Brekke also adds that the NGU researchers have used the same statistical methods as the NOD and NTNU. This means that they calculate the resources with Monte-Carlo simulations of distributions for occurrence size, content and number of occurrences per area.
Enough for mining?
NGU geologist Terje Bjerkgård argued that a deposit on land could be commercial given a grade of ~1,5 % Cu, if the deposit is large enough. A possible future seabed mineral industry that will operate in rough terrain at great water depths far from the mainland will very likely depend on deposits with significantly higher levels than those we find in operational mines on land in order to achieve profitability. At the same time, the deposits must have sufficient tonnage to provide a lifetime that justifies the investment costs, with calculations indicating that commerciality for prospects of around 20 million tonnes of ore require grades of approximately 5% copper.
Brekke subsequently states that one must not mix up a total estimate for a large area with the size and profitability of the individual prospects. He argues that there will be deposits that show higher concentrations than the NGU’s median, even higher than the NOD’s weighted average. And it is these prospects that need to be explored for.
Debate on databases
As stated above, NGU’s estimates are based on a large data set from onshore sites, from deposits that have been drilled or are in operation. “The challenge with estimating the resource potential based on data from the seabed is that we currently have too little data, both from the seabed mineralization and the host geology”, Bjerkgård points out.

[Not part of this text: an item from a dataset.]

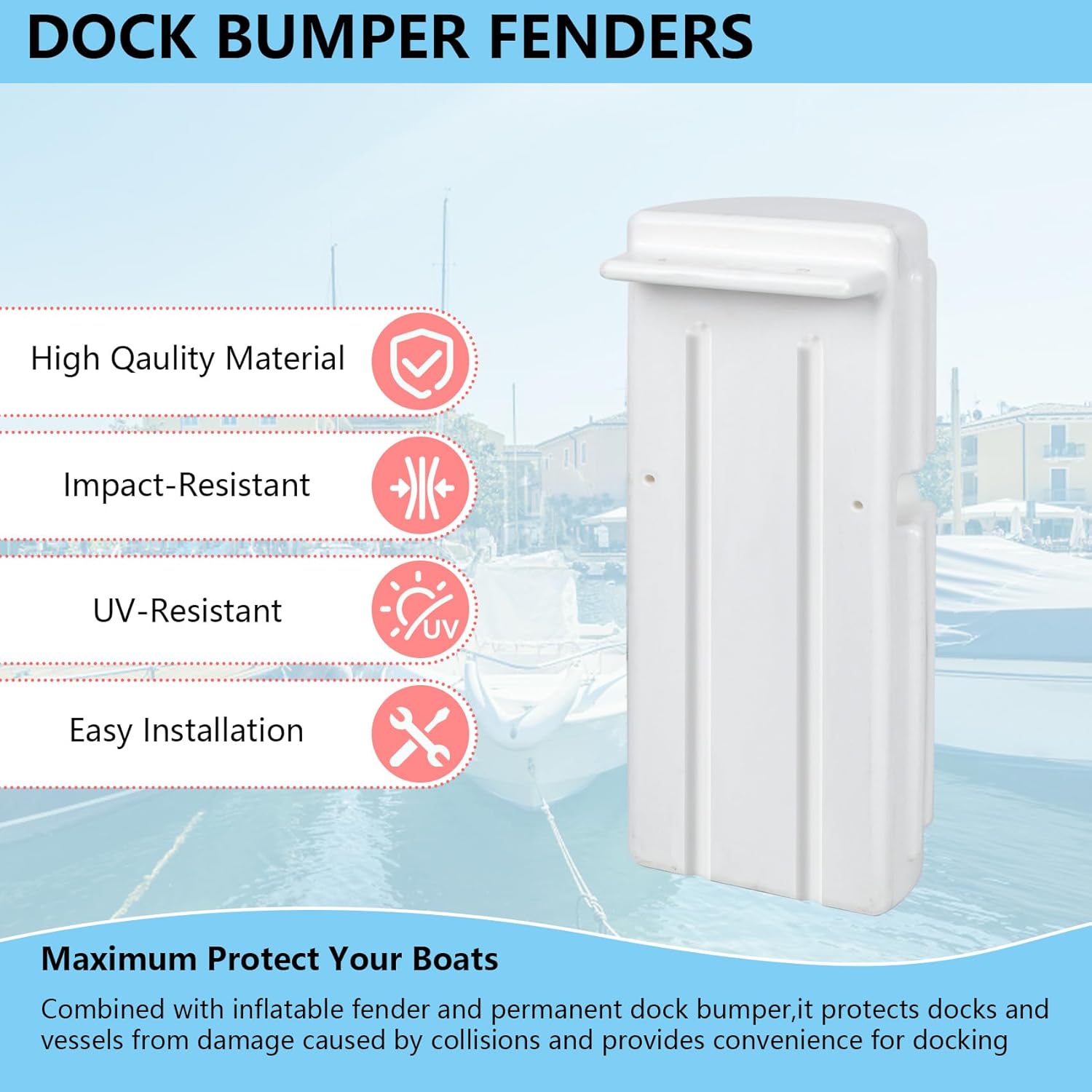 Product Description Product Name:Dock Bumpers,Dock Bumper Guards Product Size:15.3inx5.2inx3.8in Product Color:White/Black/Grey Product Material:High Quality Vinyl Side Mounting Holes:6 Inches From Top Features: UV-resistant, impact-resistant and anti-tear

“Many of the samples are from chimneys, the structures that are built where the minerals are deposited in contact with the seawater. These samples often have higher metal contents than what is found in the sulphide deposits otherwise, and can contribute to an overestimation of the resources. To get a full overview of the presence of the various metals and in what concentrations they occur, one has to study all parts of a given deposit through detailed mapping and, not least, drilling.”
The NGU researchers have therefore started with what they know best – volcanic massive sulphide (VMS) deposits on land. This database was reviewed and updated with the latest data on weights and tonnages so that only sulphide deposits formed in representative seabed environments remained.
As a response to this approach, Brekke states that it is impermissible to remove data only because it is perceived as uncertain. “Our perception of a good resource estimate of undiscovered resources is that we must take care of the uncertainties as best we can. It is from the range of uncertainty that opportunities emerge – both on the downside and the upside. As long as an analysis of content is correct, it can be used to assess and weigh the spread in a data set even if it is not itself representative as such. There is no guarantee that a database as a whole at this stage will become more representative by cleaning it down to only the “good” data.
“In our report”, Brekke adds, “we also show how we have compared the marine data sets with an onshore data set from NGU’s Fennoscandia database to assess which uncertainty range we should lie in, both in terms of size, content and density of occurrences. We have deliberately tried not to be too optimistic or too pessimistic and believe that our figures are scientifically very well justified and documented in the report.”
Behind the words
What is really quite interesting in this debate is the different stances these Norwegian institutions seem to take in the debate around deep-sea mining. Whilst the NOD is clearly more optimistic – is there a relation to the exploration mindset of hydrocarbon explorers? – the NGU seems to make a case for continued onshore development of mines if you read between the lines. Could there be some more at play here? It is not unthinkable that the NGU would have preferred to lead the work on deep-sea research in Norwegian waters given their expertise in ore geology and mining. Instead, a lot of this work now falls under the remit of the NOD, and some folk at NGU may not have been too pleased with that. However, if there is one thing both parties can probably agree on, it is that more exploration is needed to further prove up economic quantities of critical metals. No matter what models or datasets one uses, it is ultimately more data that will form the basis for the big decision to go ahead or not.